Lowering your sugar intake is among the best things you can do for your health. It can lower your cholesterol, help you lose weight, give you clearer skin, help manage Type 2 Diabetes, and give you more energy.
But cutting back on sugar can be tough, especially in the beginning. When you first cut back your sugar intake it may seem like your sugar cravings are all you think about.
Breaking a sugar habit is hard to do through willpower alone; here are some tips to help you curb cravings.
1. Don’t Keep Temptations in the House
Keeping sugary foods around the house makes breaking a sugar habit harder.
Nobody has unlimited willpower; you can only say no to that chocolate bar so many times before you give in to temptation.
It’s easier to say no to sweets once at the grocery store than to say no to sweets fifteen times at home.
By removing the temptation from your home you reduce the amount of willpower you must exercise on a daily basis and set yourself up for success.
2. Eat More Fruit
Fruit is great for satisfying your sugar cravings without eating processed sugar. Although fruit does contain natural sugar, it also has plenty of fiber which helps control your blood sugar levels.
However, the natural sugar fruit contains does add up so it’s best to limit your fruit intake to 2-3 servings per day.
3. Don’t Deprive Yourself Completely
Going cold turkey on sugar does work for a few people but for many, it leads to a sugar binge. In order to avoid this binge, allow yourself to have a couple of portion-controlled treats each week.
The key to stopping at just one sweet treat is to focus on quality over quantity; instead of buying a large bag of cheap sweets, have a slice of cake from a bakery or a bar of your favorite chocolate.
If you’re seeking to completely cut out processed sugar, reduce your sugar intake gradually.
4. Get Some Exercise
When you exercise, it reduces your stress levels. This is important when cutting back on sugar because high stress-levels may lead you to reach for sugary foods.
The exercise doesn’t have to be strenuous to have a positive effect, even a brisk walk can help reduce your stress levels and keep you on track.

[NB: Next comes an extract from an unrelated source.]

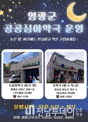 이번에 지정된 공공심야약국은 요일별로 운영되며, ▲녹십자약국은 화·토·일요일(영광읍 신남로 260 1층), ▲준약국은 월·수·목·금요일(홍농읍 홍농로 457-3)에 운영된다.

5. Learn to Distinguish Cravings from Hunger
When you have a craving you may feel like you are truly hungry, but this isn’t always the case. You may be seeking out a specific food because you’re stressed, bored, or upset rather than because you are truly hungry.
To determine whether you are truly hungry or simply having a craving ask yourself if you would eat something like eggs, carrots, or an apple or if you only want sugary foods.
If the answer is that you only want sugary foods find something to take your mind off of eating until you are truly hungry.